Segment Start: SUPPLIED DATA

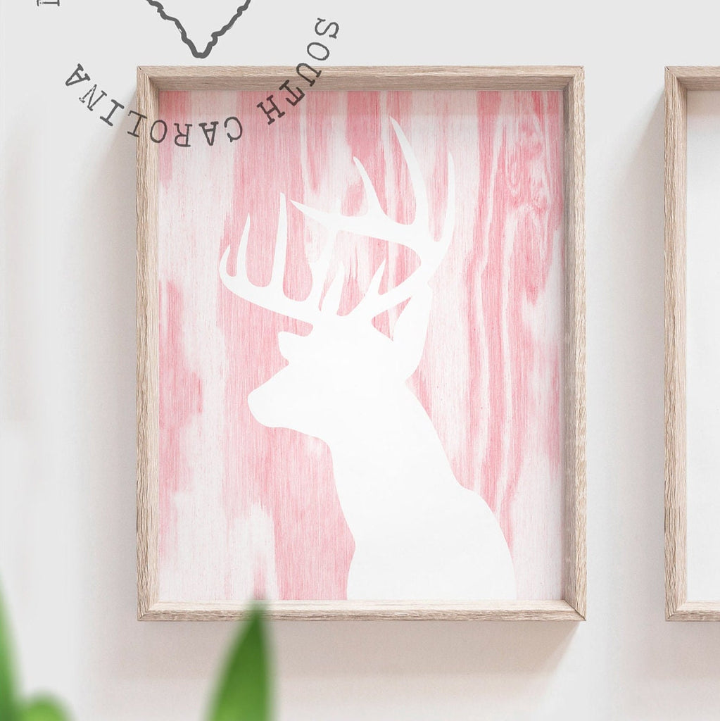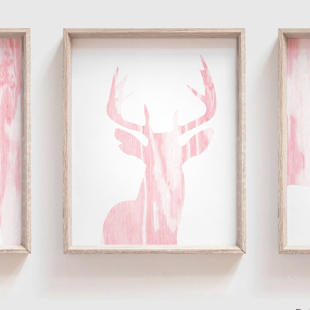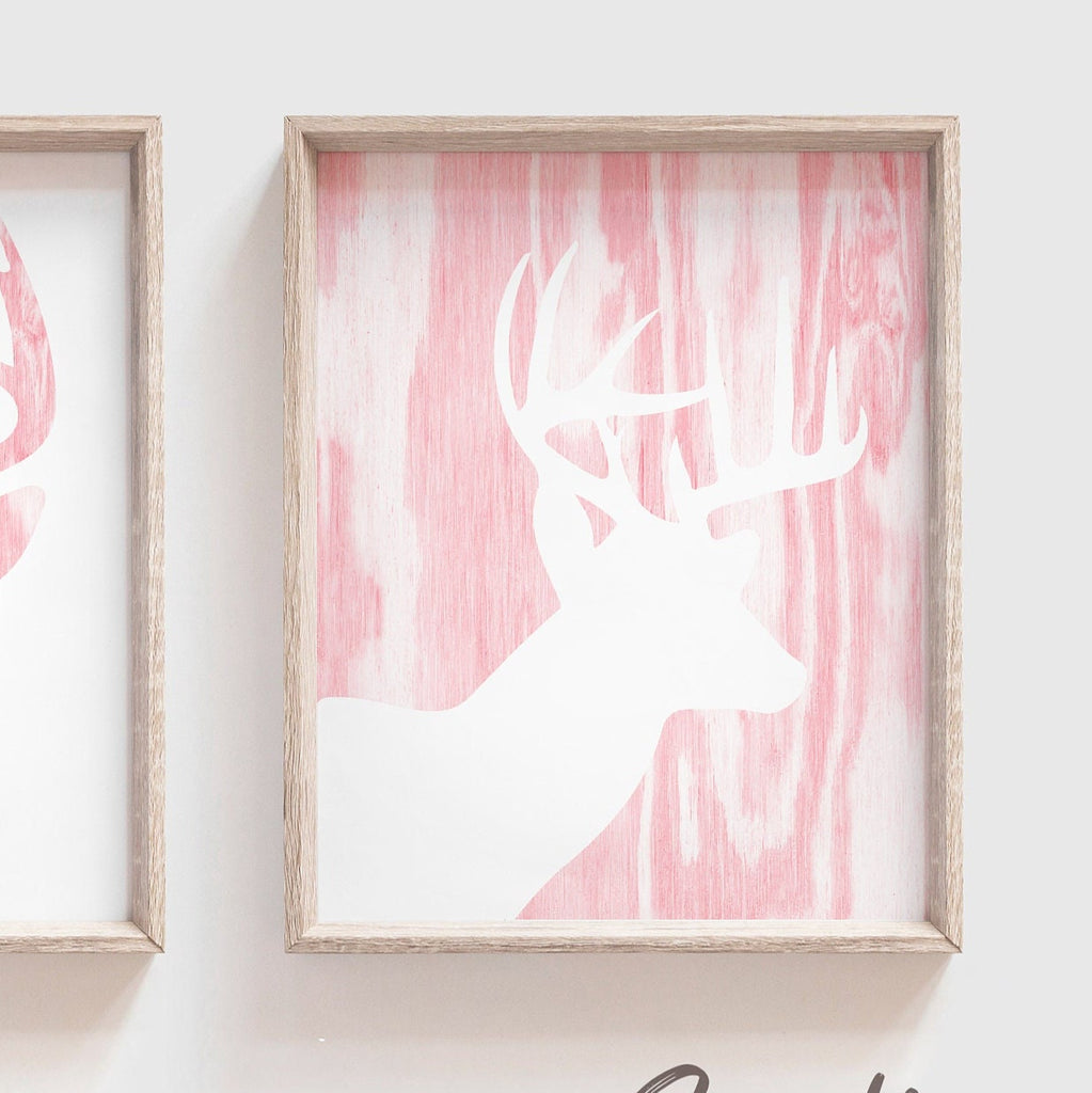 Product description: Wall art prints featuring white deer head silhouettes with pink wood textured backgrounds. Other options are also available in my shop.
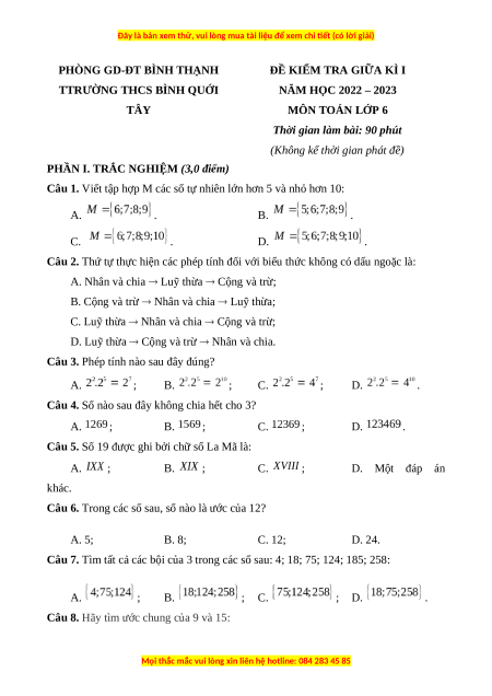 NĂM HỌC 2022 – 2023 TÂY MÔN TOÁN LỚP 6
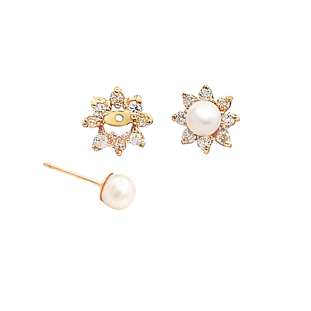 14kt yellow gold small Vintage cultured Akoya pearl stud earrings with removable 0.40ct diamond jackets. Classic 5mm pearl studs can be worn alone.
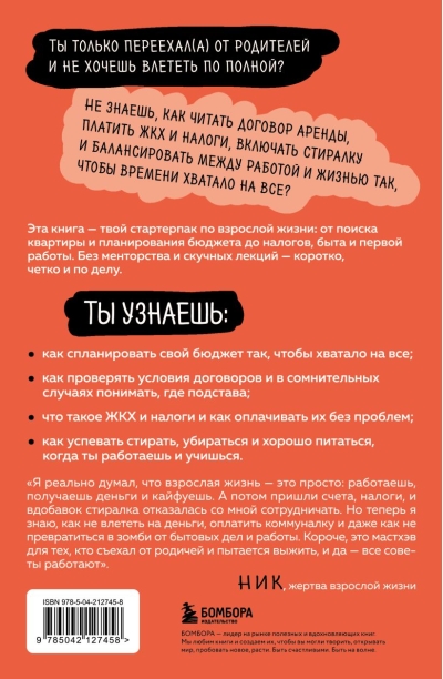 "Es godīgi domāju, ka pieaugušo dzīve ir vienkārša: strādāt, pelnīt naudu un labi pavadīt laiku. Tad nāca rēķini, nodokļi, un turklāt veļas mašīna atteicās darboties. Bet tagad es zinu, kā izvairīties no pārtērēšanas, atcerēties maksāt komunālos maksājumus un pat kā nepārvērtties par zombiju mājas darbu un darba dēļ. Īsāk sakot, šī ir obligāta grāmata ikvienam, kurš ir pametis savu ģimeni un cenšas izdzīvot, un jā, šis padoms darbojas." — Niks, pieaugušo dzīves upuris.

Segment End: SUPPLIED DATA

Restate the data above word for word, so that the only difference is the missing pictures.

 Product description: Wall art prints featuring white deer head silhouettes with pink wood textured backgrounds. Other options are also available in my shop.
 NĂM HỌC 2022 – 2023 TÂY MÔN TOÁN LỚP 6
 14kt yellow gold small Vintage cultured Akoya pearl stud earrings with removable 0.40ct diamond jackets. Classic 5mm pearl studs can be worn alone.
 "Es godīgi domāju, ka pieaugušo dzīve ir vienkārša: strādāt, pelnīt naudu un labi pavadīt laiku. Tad nāca rēķini, nodokļi, un turklāt veļas mašīna atteicās darboties. Bet tagad es zinu, kā izvairīties no pārtērēšanas, atcerēties maksāt komunālos maksājumus un pat kā nepārvērtties par zombiju mājas darbu un darba dēļ. Īsāk sakot, šī ir obligāta grāmata ikvienam, kurš ir pametis savu ģimeni un cenšas izdzīvot, un jā, šis padoms darbojas." — Niks, pieaugušo dzīves upuris.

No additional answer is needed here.